When everything's on fire, you have maybe 5 minutes before panic sets in and management starts breathing down your neck. Here's what I learned after getting paged at 3am more times than I care to remember.
Step 1: Is kubectl Even Working?
Before you do anything fancy, check if you can talk to your cluster at all:
kubectl cluster-info
If this times out, your control plane is fucked. I wasted 4 hours once debugging a "cluster failure" that was just my VPN disconnecting. Always check the obvious shit first.
The kubectl cluster-info command should return URLs for your API server and other core services. If you're getting timeouts, check your kubeconfig file and network connectivity before diving deeper.
Common error messages you'll actually see:
Unable to connect to the server: dial tcp: lookup kubernetes.docker.internal
- Your kubeconfig is pointing to the wrong clusterThe connection to the server localhost:8080 was refused
- You forgot to set your contexterror: You must be logged in to the server (Unauthorized)
- Your token expired while you were sleepingdial tcp 10.0.0.1:6443: i/o timeout
- API server is overloaded or dead (this one always means bad news)

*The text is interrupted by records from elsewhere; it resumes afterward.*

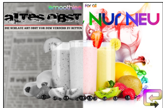
Abbildung 1: selbstgestaltetes Werbeplakat der EM5

Die Schülerinnen und Schüler der EM5 des Kuniberg Berufskollegs absolvieren eine Ausbildung zu Kaufleuten im Einzelhandel. Sie erleben tagtäglich die Lebensmittelverschwendung in ihren Ausbildungsbetrieben, z. B. in Discountern oder Supermärkten. Große Mengen Obst und Gemüse werden jeden Abend vernichtet. Äpfel mit Dellen, zu gerade Bananen oder zu kleine Mangos – die Gründe sind unterschiedlich, aber häufig nicht gerechtfertigt. So entstand eine Idee bei den Auszubildenden: „Lasst uns eine Aktion veranstalten, bei der wir dieses Obst und Gemüse vor dem Wegwerfen retten“. Der Stein kam ins Rollen und ein in vielerlei Hinsicht nachhaltiges Projekt entstand: Das Smoothie-Projekt!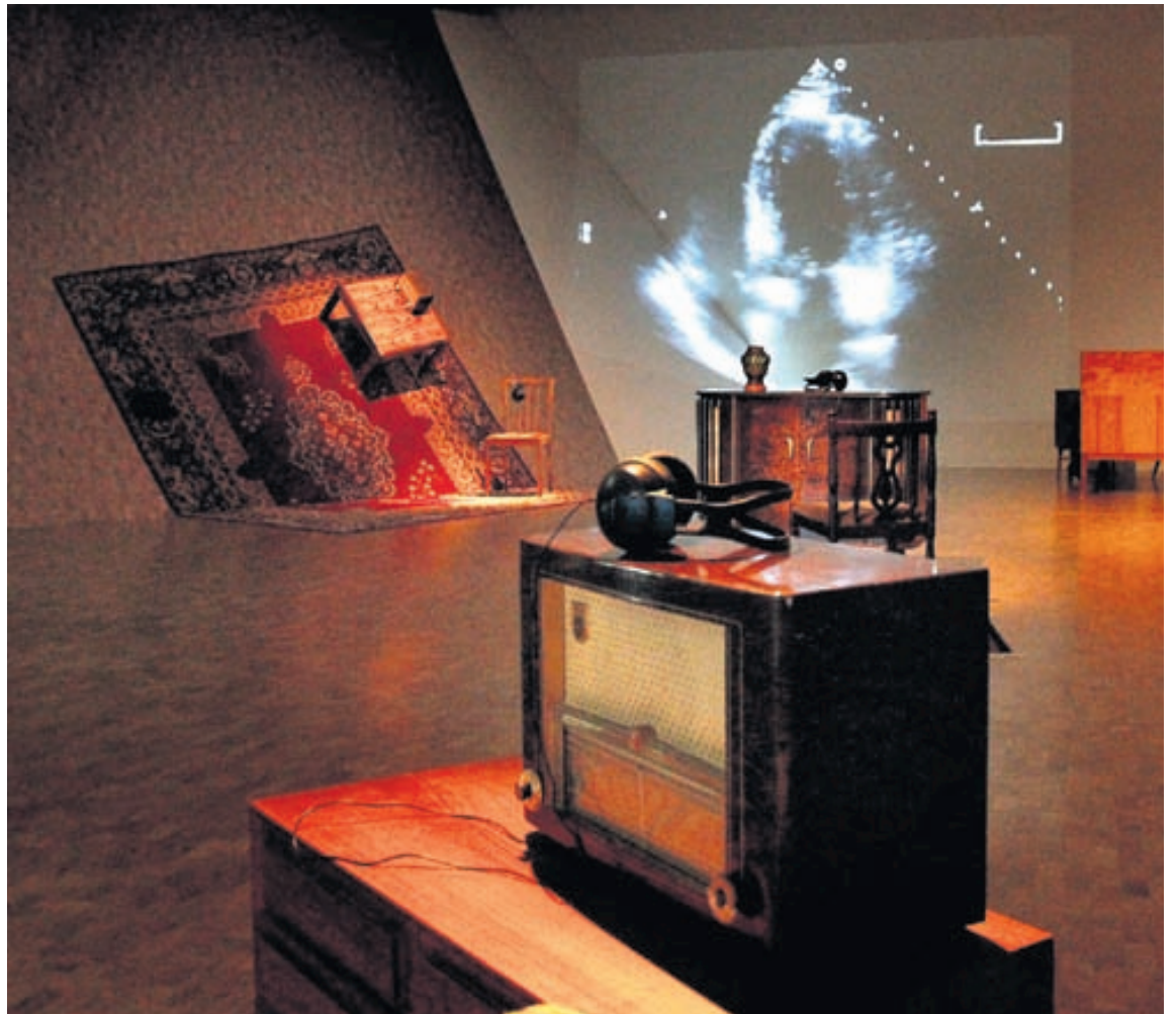
Innsetningin nýtur sín betur hér en í Hafnarhúsinu á sínum tíma að mati gagnrýnanda. Umgjörðin sér síðan um að við gleymum ekki því umróti sem dauðinn skapar í lífi þeirra sem eftir sitja.

Sími: 511 5090 Netfang: einarben@einarben.is Veffang: www.einarben.is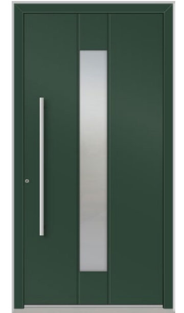
DAVOS 1 Feld verglast, Glas 3-fach ISO, Ornament Satinato weiß, mit Nuten Oberfläche RAL 6005, Griff OCR1000 Edelstahl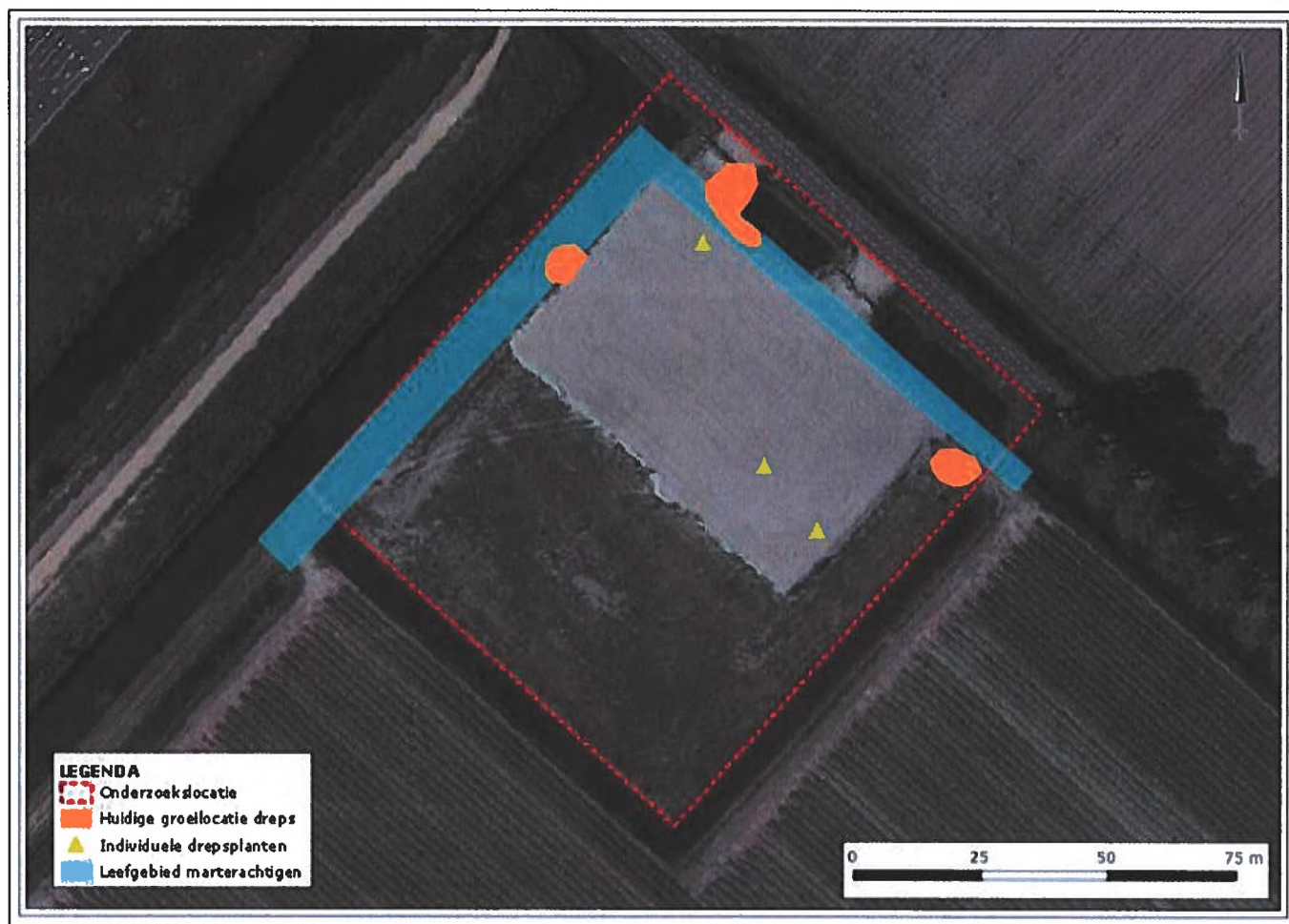
Figuur 3-1. Verspreiding van dreps op de onderzoekslocatie geïnventariseerd op in juni 2022 (rapport 18620.001, versie D1, d.d. 16 september 2022) en het leefgebied van de bunzing, wezel en hermelijn geïnventariseerd in augustus 2022 (rapport G&G-rapport 2022-209, versie V1, d.d. 1 oktober 2022).

Step 2: Check If Your Nodes Are Still Alive
kubectl get nodes -o wide
If you see a bunch of NotReady
status, don't panic yet. I've seen nodes show as NotReady for stupid reasons like:
- Network hiccup that lasted 30 seconds
- Node ran out of disk space because someone left debug logs running
- Cloud provider decided to restart the VM without telling anyone
Check the node conditions to understand what's actually broken. The kubelet logs usually have the real story. Pro tip: Take a screenshot of the node status. You'll forget the exact error when you're stressed and your manager asks what happened.
Step 3: What's Actually Running in kube-system?
kubectl get pods -n kube-system --sort-by=.status.phase
This shows you what control plane components are actually alive. Key things to look for:
- kube-apiserver pods stuck in
Pending
= you're totally fucked - etcd pods in
CrashLoopBackOff
= data corruption, probably need to restore from backup - kube-controller-manager failing = workloads won't get scheduled
Had our EKS cluster go down once because AWS rotated some cert we didn't know about. Spent forever troubleshooting the wrong thing because their error messages are garbage. Check the EKS troubleshooting guide if you're on AWS.
For Managed Clusters: Check Your Cloud Provider First
If you're running EKS, GKE, or AKS, check the cloud provider console before diving deep. Half the time it's:
- Planned maintenance they forgot to announce
- Your account hit a quota limit
- Their control plane is having issues (happens more than they admit)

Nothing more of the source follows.